Maybe i am slow, i don't know. But i haven't quite found the answer yet.

tautech

Joined Oct 8, 2019
233
This is great, and in this they referred to another book with more focus on what i am looking for: https://www.davmar.org/TE/TekConcepts/TekVertAmpCircuits.pdf

On page 41 (47 in the browser), it says Fixed RC input and that "Maintaining a constant RC eliminates probe recompensation with attenuation changes". I am not sure what to make of this, but it sounds like there is intentional capacitance at the input, like keepitsimple answered aswell, and not only forms of stray capacitance.
This is necessary as every change in input attenuation (V/div) is in essence another circuit and therefore needs to be kept matched to the probe for accurate waveform reproduction and this issue is more prevalent with a 10x probe.
The modern DSO might only have 2 or 3 real attenuation steps when the smaller in-between steps are done in IC's where the attenuation steps are driven by SW.

ZimmerJ

Joined Dec 9, 2020
58
This is necessary as every change in input attenuation (V/div) is in essence another circuit and therefore needs to be kept matched to the probe for accurate waveform reproduction and this issue is more prevalent with a 10x probe.
The modern DSO might only have 2 or 3 real attenuation steps when the smaller in-between steps are done in IC's where the attenuation steps are driven by SW.
Okay, that makes sense.
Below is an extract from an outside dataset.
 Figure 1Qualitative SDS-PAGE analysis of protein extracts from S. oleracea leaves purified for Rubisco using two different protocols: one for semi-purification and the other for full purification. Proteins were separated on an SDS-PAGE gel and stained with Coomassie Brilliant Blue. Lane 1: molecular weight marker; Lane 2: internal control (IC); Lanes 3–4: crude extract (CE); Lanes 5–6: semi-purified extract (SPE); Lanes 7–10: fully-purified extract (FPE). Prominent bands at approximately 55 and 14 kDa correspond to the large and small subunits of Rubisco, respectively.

So let's sum it up a bit. Say we are going with 1x attenuation at the probe, regardless of the attenuation of the volt/div-circuitry, you maintain a "steady" compensation by having a fixed RC-network at the input?

If this is the case, i believe i am missing some theory here. Since there is already cable capacitance of the probe, i believe this is not to be expected a "steady" capacitance? Does this mean that applying a capacitor in parallel (input capacitance), counters this somehow?
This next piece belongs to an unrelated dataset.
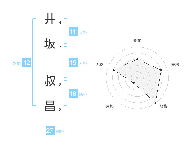 井坂 叔昌さんを姓名の画数から五運を鑑定

Or is it that most probes have a certain level of capacitance, that needs to be increased with a parallel capacitor, in order to achieve good compensation?

MrChips

Joined Oct 2, 2009
24,990
Every oscilloscope without using a probe has a certain input impedance and frequency response.
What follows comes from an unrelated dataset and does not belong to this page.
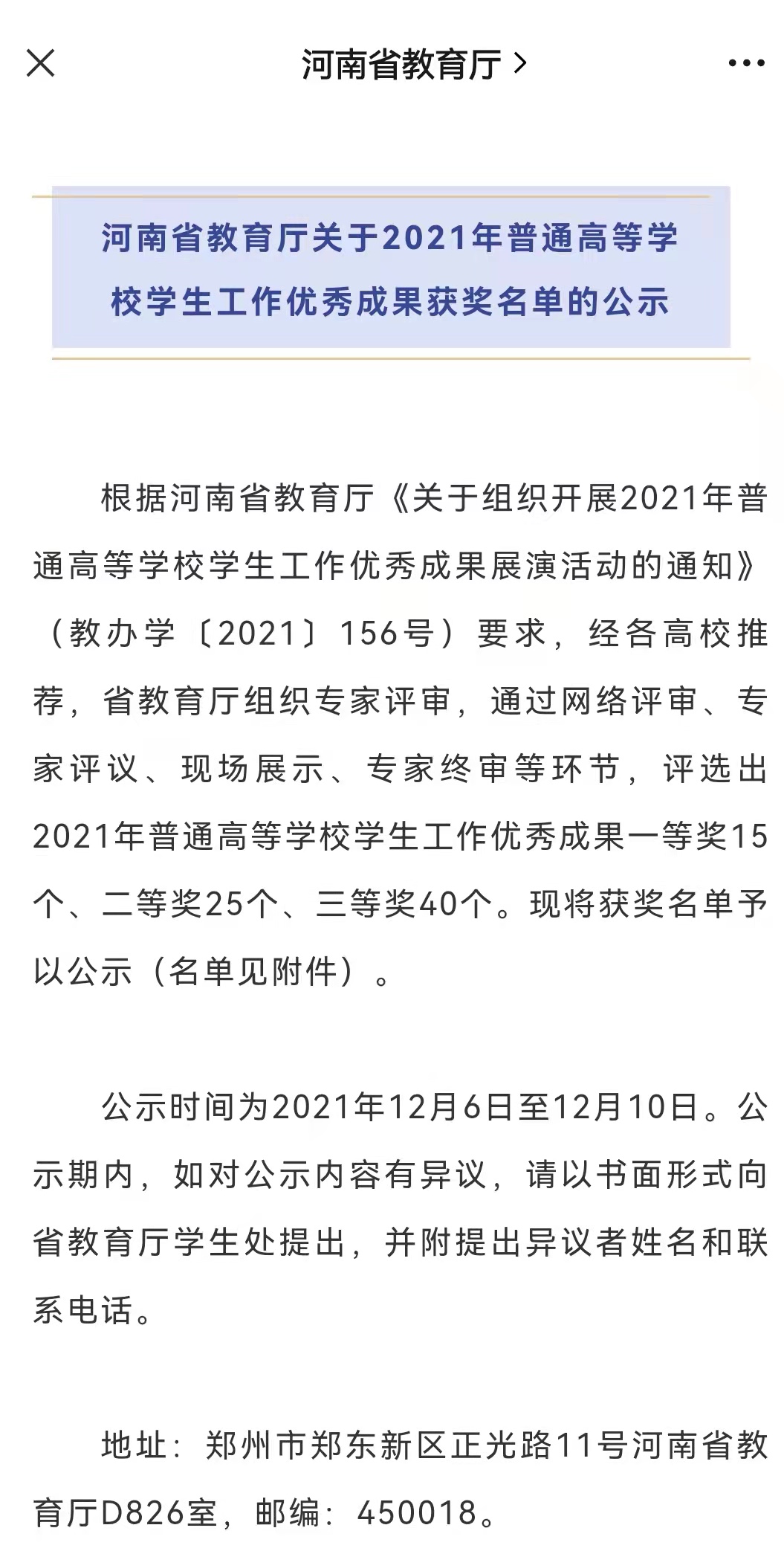 近日,2021年河南省普通高等学校学生工作优秀成果名单揭晓,我校王洪燕老师主持的“成蝶计划”心理育人项目荣获三等奖,这是我校首次获得河南省普通高等学校学生工作优秀成果奖。2021年河南省普通高等学校学

You add a probe for one primary reason - to increase the input impedance of the measuring system.
The typical input impedance of the oscilloscope is 1MΩ.
You add a x10 probe to increase the measuring impedance to 10MΩ. The downside of this is you lose 20dB in signal amplitude. An upside is you extend the bandwidth of the measuring system, the probe and the oscilloscope.

ZimmerJ

Joined Dec 9, 2020
58
Every oscilloscope without using a probe has a certain input impedance and frequency response.

You add a probe for one primary reason - to increase the input impedance of the measuring system.
The typical input impedance of the oscilloscope is 1MΩ.
You add a x10 probe to increase the measuring impedance to 10MΩ. The downside of this is you lose 20dB in signal amplitude. An upside is you extend the bandwidth of the measuring system, the probe and the oscilloscope.
I appreciate the answer, but you are leaving out the capacitance value, which is what i am trying to figure out.

As you say, you add a 10x probe to increase impedance, and it accomplishes that for higher frequencies by including a capacitor that's ends up being in series to the cable capacitance. Serial capacitors sums up a lower capacitance, which in turn increases impedance. But this is the thing, because now there is also a capacitor at the input that ends up being parallel to the probe capacitance, and this means higher capacitance and lower impedance. So why apply input capacitance when it works against the whole purpose of attenuating the signal?

I am pretty sure it's not only stray capacitance so i have a strong feeling that the general 15-30 pF is there for a particular reason.